Lung NENs comprise both low grade, well-differentiated NETs and high grade, poorly differentiated NECs. In particular, lung NENs can be subdivided into the high-grade carcinomas, small cell lung cancer (SCLC) and large cell neuroendocrine carcinomas (LCNEC), and the low grade tumors, atypical carcinoids (AC), classified as intermediate grade, and typical carcinoids (TC), classified as low grade. One of the aims of this project was to generate an organoid model of AC and SCLC genesis. To achieve this, I propose to use CRISPR/Cas9-mediated genome editing in PNEC-differentiated human lung organoids to induce inactivating mutations in genes that are commonly altered in these tumor types. This strategy will allow me to determine how these alterations influence the behavior of PNECs and, ultimately, to decipher their mechanistic role in NEN tumorigenesis.

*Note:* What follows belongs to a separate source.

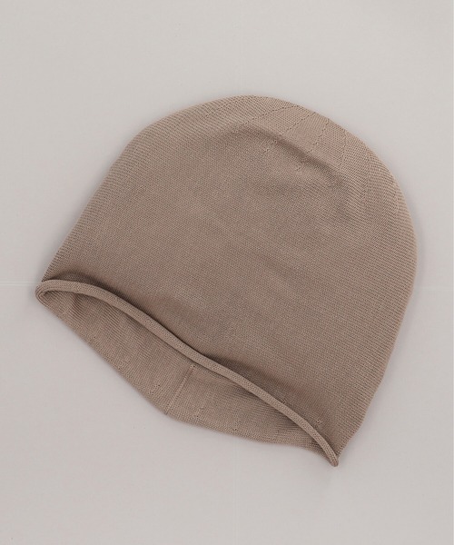 シルク100%のシングルニット。 ■デザイン 装飾を省いたシンプルなデザインに、クルンとロールアップされた裾がポイント。薄手で軽く、持ち運びにも最適です。 ■シルエット ゆったりと倒れるリラックスシルエットに製作。締め付けのないストレスフリーなかぶり心地も◎。 ■素材 なめらかなシルク素材を贅沢に使用。ほのかな光沢が高級感を演出します。 ■お手入れ方法 洗濯不可。汚れにつきましては、帽子が汚れてしまう前の対策として、消臭・抗菌用のスプレーをお勧めしております。

Thus far, we have generated the molecular tools needed for achieving this aim: lenti-viral vectors that express Cas9 and GFP driven from a PNEC-specific promoter, and transient expression vectors for the expression of sgRNAs against RB1, TP53, PTEN, and MEN1. To account for the potential influence of PNEC heterogeneity in response to specific oncogenic alterations, we cloned 3 lentiviral vectors, each in which expression of Cas9 is driven by one of three PNEC promoters: ASCL1, NEUROD1, or CHGA. We expect the first two promoters to drive expression of Cas9 in early PNECs. The third promoter, CHGA, is expected to drive expression of Cas9 in mature, fully differentiated PNECs. In the vectors we have generated, expression of Cas9 is linked to expression of GFP. Lentiviral preparations have been produced for each of the 3 different vectors and organoids will be infected in the coming months.
This project has resulted in a novel system for culturing human pulmonary neuroendocrine cells (PNECs) in airway organoids. In doing so, we have identified the signals that direct PNEC progenitor differentiation to the PNEC fate. I expect the model system that we have generated to be used by other biologists interested in studying PNECs and lung NENs. Moreover, the mechanistic studies that I am currently undertaking using this new model system, will elucidate aspects of lung NEN initiation and progression that are likely to impact patient stratification and may point to new therapeutic options for patients with lung NENs.